Wing-Commander James

The hon. and learned Gentleman entirely misses the point I made. I did not suggest that the 10s. a week was inadequate for the man while he was in hospital, but that he should be allowed, if he desired, to purchase savings stamps. I was not querying the 10s. at all.

Mr. Henderson

I gathered that my hon. and gallant Friend was criticising the limitation of 10s. He also raised a point about payment in arrear in the case of officers. There is no reason why officers in the Army should not adapt their expenditure to the system of payment in arrear, which is almost universal, and we seek to mitigate inconvenience to individual officers in the following way: On being first commissioned an officer gets an advance of £18 5s. designed primarily to tide him over the period of transition from weekly payments to monthly payments, and this advance is recovered over a period of a year at the rate of 1s. a day.
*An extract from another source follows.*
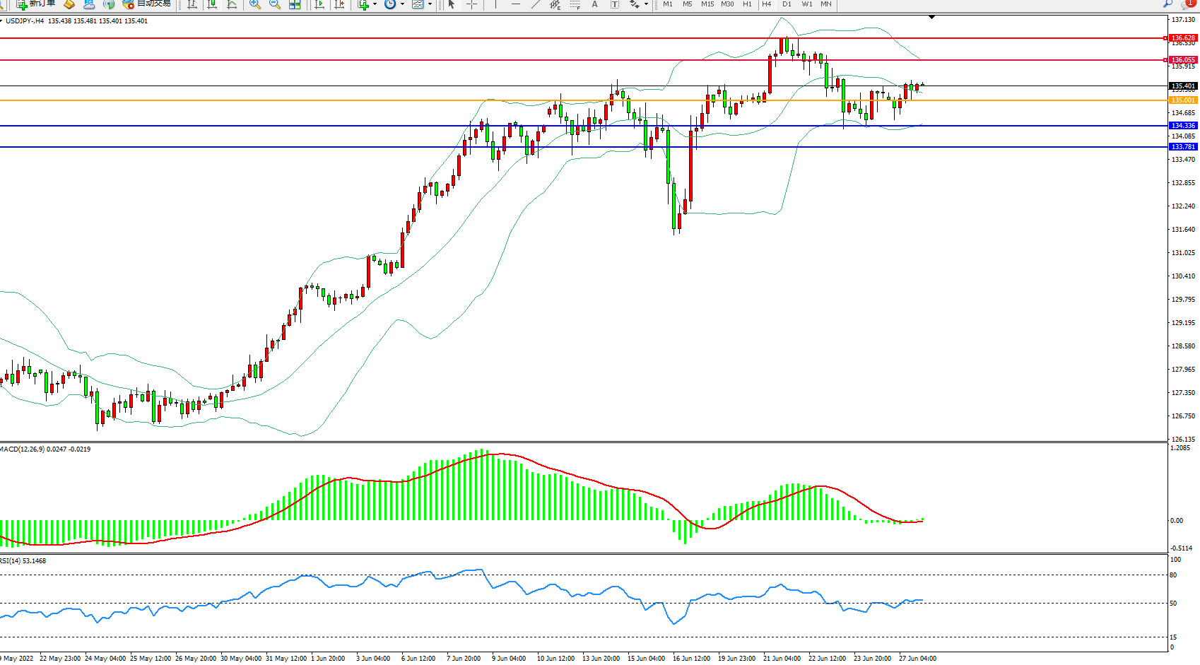 交易策略:135.001上方看涨,目标136.055、136.628

An officer who is placed under orders for service overseas may draw an advance of a month in his pay. Officers who are serving overseas may draw the greater part of their net pay in advance, in cash, in the form of advances. The view is taken that, under a system of payment in advance, an officer might very well be seriously inconvenienced on leaving the Service. It is only fair to say that Regular Officers of the Army do receive their pay monthly in advance, but I am informed that this is an ancient privilege which may or may not continue after the present war is concluded. I have endeavoured to cover—

Captain C. S. Taylor

May I have an answer to my question before the Minister sits down?

Mr. Henderson

I thought I said expressly at the beginning of my remarks that I would not be able to deal with all the questions which had been put to me at the beginning of the Debate and that I would take steps to have the points, of those I was not in a position to answer in the course of my speech considered, and a reply sent to the hon. Members concerned.

Captain Taylor

I will put it down next week.

Mr. Henderson

If you please. In view of the fact that another Debate is to be initiated by the hon. Member for Gower (Mr. D. Grenfell), I hope the House will permit me to content myself—not that I have sought to evade various questions—with dealing with the questions which I have already answered.